7. A JÓIA E O ARCEBISPO

Quem contemple os Painéis, não pode deixar de reparar na vistosa jóia que o arcebispo ostenta ao peito (Fig.21). Aparenta ser uma peça de ouro com oito pérolas incrustadas colocadas à volta de uma esmeralda. A jovem do outro painel central tem também sobre o peito uma jóia composta por pedra preciosa e cinco pérolas.

Na pintura europeia dos séculos XV e XVI é frequente a presença de jóias com arranjos semelhantes. Normalmente a pedra fica ao centro e as pérolas orbitam à sua volta.             


                                     Fig.21                         Fig.22                          Fig.23


No famoso retábulo da Adoração do Cordeiro Místico[1] são visíveis diversas jóias deste tipo, das quais se dão os exemplos daquelas colocadas sobre o peito da Virgem da Anunciação (fig.22)[2] e na cabeça do arcanjo Gabriel (fig.23)[3].
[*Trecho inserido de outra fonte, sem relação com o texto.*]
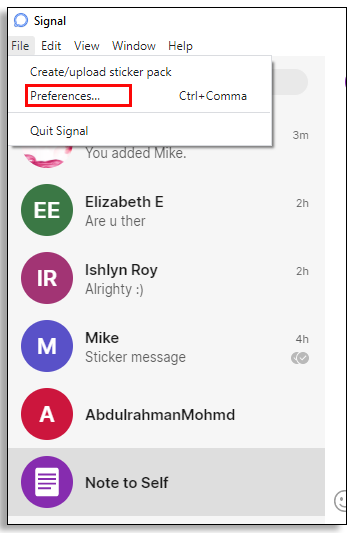 • Go to Preferences (either Signal > Preferences for Mac, or File > Preferences for Windows and Linux).
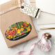 A colorful harvest time sticker with fruits and vegetables, flowers and leaves by a wooden fence, add the text of your choice.

Na pintura portuguesa encontramos também a sua presença, por exemplo, no painel da Chegada à Madre de Deus das Relíquias de Santa Auta (fig.24)[4] onde a jóia está a enfeitar o cabelo da santa, e na pintura Santa Catarina e doador (figs.25 e 26)[5] na qual se vêem quatro jóias na coroa (três com oito pérolas e a outra com dez pérolas) e mais uma no peito da santa, também com oito pérolas.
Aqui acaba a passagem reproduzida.